→ Material provided
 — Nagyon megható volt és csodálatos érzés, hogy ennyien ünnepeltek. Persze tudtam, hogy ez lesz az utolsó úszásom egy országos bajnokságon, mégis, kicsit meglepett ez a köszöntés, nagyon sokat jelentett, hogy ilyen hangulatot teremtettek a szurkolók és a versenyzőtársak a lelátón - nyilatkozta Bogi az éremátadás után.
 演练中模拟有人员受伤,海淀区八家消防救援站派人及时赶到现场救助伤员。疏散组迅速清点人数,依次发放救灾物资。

==

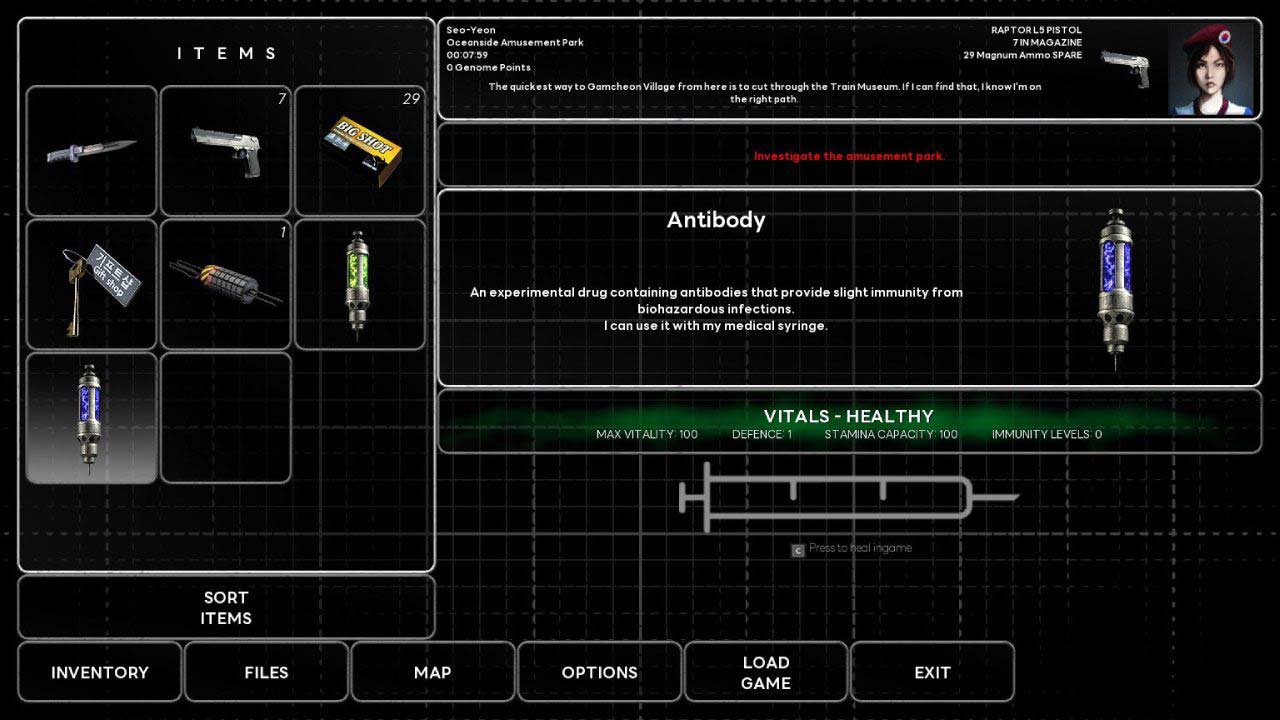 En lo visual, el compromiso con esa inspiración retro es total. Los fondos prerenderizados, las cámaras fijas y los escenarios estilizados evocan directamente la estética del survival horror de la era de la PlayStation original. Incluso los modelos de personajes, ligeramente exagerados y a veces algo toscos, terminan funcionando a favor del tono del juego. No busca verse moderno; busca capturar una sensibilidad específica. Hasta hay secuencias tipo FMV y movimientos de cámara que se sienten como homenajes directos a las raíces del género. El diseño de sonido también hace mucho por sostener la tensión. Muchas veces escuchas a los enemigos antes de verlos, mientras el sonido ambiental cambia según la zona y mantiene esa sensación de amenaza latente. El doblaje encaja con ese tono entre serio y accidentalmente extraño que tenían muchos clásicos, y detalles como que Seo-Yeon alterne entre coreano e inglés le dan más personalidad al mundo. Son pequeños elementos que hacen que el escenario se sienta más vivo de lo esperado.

→ Work order
Lines wanted from the listing above: the line with "az éremátadás után." up to and including the line with "演练中模拟有人员受伤,海淀区". Please write them out exactly, adding nothing else.

→ Answer box
 — Nagyon megható volt és csodálatos érzés, hogy ennyien ünnepeltek. Persze tudtam, hogy ez lesz az utolsó úszásom egy országos bajnokságon, mégis, kicsit meglepett ez a köszöntés, nagyon sokat jelentett, hogy ilyen hangulatot teremtettek a szurkolók és a versenyzőtársak a lelátón - nyilatkozta Bogi az éremátadás után.
 演练中模拟有人员受伤,海淀区八家消防救援站派人及时赶到现场救助伤员。疏散组迅速清点人数,依次发放救灾物资。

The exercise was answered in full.